Supplied records:

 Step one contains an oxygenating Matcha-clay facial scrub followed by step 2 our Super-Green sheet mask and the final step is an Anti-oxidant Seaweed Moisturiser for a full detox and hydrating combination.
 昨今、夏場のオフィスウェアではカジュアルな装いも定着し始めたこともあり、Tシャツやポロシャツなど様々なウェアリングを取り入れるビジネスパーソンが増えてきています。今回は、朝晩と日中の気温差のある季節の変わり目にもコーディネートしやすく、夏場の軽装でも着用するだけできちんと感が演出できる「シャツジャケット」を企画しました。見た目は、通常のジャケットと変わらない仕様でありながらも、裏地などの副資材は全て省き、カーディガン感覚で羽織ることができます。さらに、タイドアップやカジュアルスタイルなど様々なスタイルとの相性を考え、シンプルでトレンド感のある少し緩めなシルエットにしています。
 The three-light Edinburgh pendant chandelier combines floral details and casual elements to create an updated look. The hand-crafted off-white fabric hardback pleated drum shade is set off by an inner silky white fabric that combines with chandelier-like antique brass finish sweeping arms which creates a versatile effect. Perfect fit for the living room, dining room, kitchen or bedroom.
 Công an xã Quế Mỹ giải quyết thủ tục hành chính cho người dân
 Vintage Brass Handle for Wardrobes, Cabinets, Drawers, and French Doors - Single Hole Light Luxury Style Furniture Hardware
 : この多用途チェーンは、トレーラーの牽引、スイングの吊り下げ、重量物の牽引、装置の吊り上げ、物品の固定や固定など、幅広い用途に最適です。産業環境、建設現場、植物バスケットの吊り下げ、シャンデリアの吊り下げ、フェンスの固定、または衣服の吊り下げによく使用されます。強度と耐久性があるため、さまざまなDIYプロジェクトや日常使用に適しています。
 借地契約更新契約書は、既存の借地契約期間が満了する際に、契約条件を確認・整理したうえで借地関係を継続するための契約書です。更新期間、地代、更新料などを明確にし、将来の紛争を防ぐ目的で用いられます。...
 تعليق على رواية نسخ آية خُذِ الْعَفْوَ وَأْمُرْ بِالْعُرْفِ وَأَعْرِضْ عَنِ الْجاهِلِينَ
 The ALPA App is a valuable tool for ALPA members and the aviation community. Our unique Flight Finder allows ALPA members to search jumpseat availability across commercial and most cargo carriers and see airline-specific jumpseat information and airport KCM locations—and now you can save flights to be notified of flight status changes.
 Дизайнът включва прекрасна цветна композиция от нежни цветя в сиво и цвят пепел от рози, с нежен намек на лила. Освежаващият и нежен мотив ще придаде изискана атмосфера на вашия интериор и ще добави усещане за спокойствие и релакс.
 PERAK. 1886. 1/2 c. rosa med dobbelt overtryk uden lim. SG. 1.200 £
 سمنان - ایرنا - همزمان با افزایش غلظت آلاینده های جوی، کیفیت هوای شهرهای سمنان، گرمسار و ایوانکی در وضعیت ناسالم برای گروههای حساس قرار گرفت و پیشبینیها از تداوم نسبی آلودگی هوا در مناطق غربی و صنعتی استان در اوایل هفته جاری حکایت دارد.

Activity: Type out all of the records again, exactly.

Reply to the exercise:
 Step one contains an oxygenating Matcha-clay facial scrub followed by step 2 our Super-Green sheet mask and the final step is an Anti-oxidant Seaweed Moisturiser for a full detox and hydrating combination.
 昨今、夏場のオフィスウェアではカジュアルな装いも定着し始めたこともあり、Tシャツやポロシャツなど様々なウェアリングを取り入れるビジネスパーソンが増えてきています。今回は、朝晩と日中の気温差のある季節の変わり目にもコーディネートしやすく、夏場の軽装でも着用するだけできちんと感が演出できる「シャツジャケット」を企画しました。見た目は、通常のジャケットと変わらない仕様でありながらも、裏地などの副資材は全て省き、カーディガン感覚で羽織ることができます。さらに、タイドアップやカジュアルスタイルなど様々なスタイルとの相性を考え、シンプルでトレンド感のある少し緩めなシルエットにしています。
 The three-light Edinburgh pendant chandelier combines floral details and casual elements to create an updated look. The hand-crafted off-white fabric hardback pleated drum shade is set off by an inner silky white fabric that combines with chandelier-like antique brass finish sweeping arms which creates a versatile effect. Perfect fit for the living room, dining room, kitchen or bedroom.
 Công an xã Quế Mỹ giải quyết thủ tục hành chính cho người dân
 Vintage Brass Handle for Wardrobes, Cabinets, Drawers, and French Doors - Single Hole Light Luxury Style Furniture Hardware
 : この多用途チェーンは、トレーラーの牽引、スイングの吊り下げ、重量物の牽引、装置の吊り上げ、物品の固定や固定など、幅広い用途に最適です。産業環境、建設現場、植物バスケットの吊り下げ、シャンデリアの吊り下げ、フェンスの固定、または衣服の吊り下げによく使用されます。強度と耐久性があるため、さまざまなDIYプロジェクトや日常使用に適しています。
 借地契約更新契約書は、既存の借地契約期間が満了する際に、契約条件を確認・整理したうえで借地関係を継続するための契約書です。更新期間、地代、更新料などを明確にし、将来の紛争を防ぐ目的で用いられます。...
 تعليق على رواية نسخ آية خُذِ الْعَفْوَ وَأْمُرْ بِالْعُرْفِ وَأَعْرِضْ عَنِ الْجاهِلِينَ
 The ALPA App is a valuable tool for ALPA members and the aviation community. Our unique Flight Finder allows ALPA members to search jumpseat availability across commercial and most cargo carriers and see airline-specific jumpseat information and airport KCM locations—and now you can save flights to be notified of flight status changes.
 Дизайнът включва прекрасна цветна композиция от нежни цветя в сиво и цвят пепел от рози, с нежен намек на лила. Освежаващият и нежен мотив ще придаде изискана атмосфера на вашия интериор и ще добави усещане за спокойствие и релакс.
 PERAK. 1886. 1/2 c. rosa med dobbelt overtryk uden lim. SG. 1.200 £
 سمنان - ایرنا - همزمان با افزایش غلظت آلاینده های جوی، کیفیت هوای شهرهای سمنان، گرمسار و ایوانکی در وضعیت ناسالم برای گروههای حساس قرار گرفت و پیشبینیها از تداوم نسبی آلودگی هوا در مناطق غربی و صنعتی استان در اوایل هفته جاری حکایت دارد.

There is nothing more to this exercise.